NEW YORK: US natural gas futures held near a 26-month high on Thursday as the market waited for direction from a federal report expected to show last week’s storage withdrawal was near normal for this time of year. Gas prices spiked earlier this week on record flows to liquefied natural gas export (LNG) plants and worries Canada would reduce power and gas exports to the US after US President Donald Trump imposed tariffs on Canada and Mexico on March 4.
In 2024, Canada supplied about 8% of total US gas demand, including exports, and about 1% of total US power demand, again including exports. Some of those power and gas exports returned to Canada.
Front-month gas futures for April delivery on the New York Mercantile Exchange were down 0.6 cents, or 0.1%, to $4.444 per million British thermal units (mmBtu) at 8:33 a.m. EST (1333 GMT).

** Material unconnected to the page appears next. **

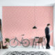 NewParkLane - Elegante Retro-Tapete mit fett, mit einem modernen, komplizierten geometrischen Muster von Quadraten in Pfirsich / Korallen.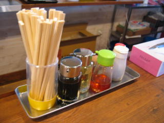 厨房前のカウンター、銀色のお皿は「しょうゆ」や「みそ」、黒いお盆は「つけめん」ができていくようです。

On Wednesday, the contract closed at its highest price since December 2022 for a second day in a row.
Prices are up about 14% so far this week despite near-record output and forecasts for mostly mild weather through mid-March, which should allow utilities to pull less gas out of storage over the next week or two.
Analysts projected utilities pulled 92 billion cubic feet (bcf) of gas out of storage during the week ended February 28. That compares with declines of 56 bcf during the same week last year and a five-year average draw of 94 bcf for this time of year.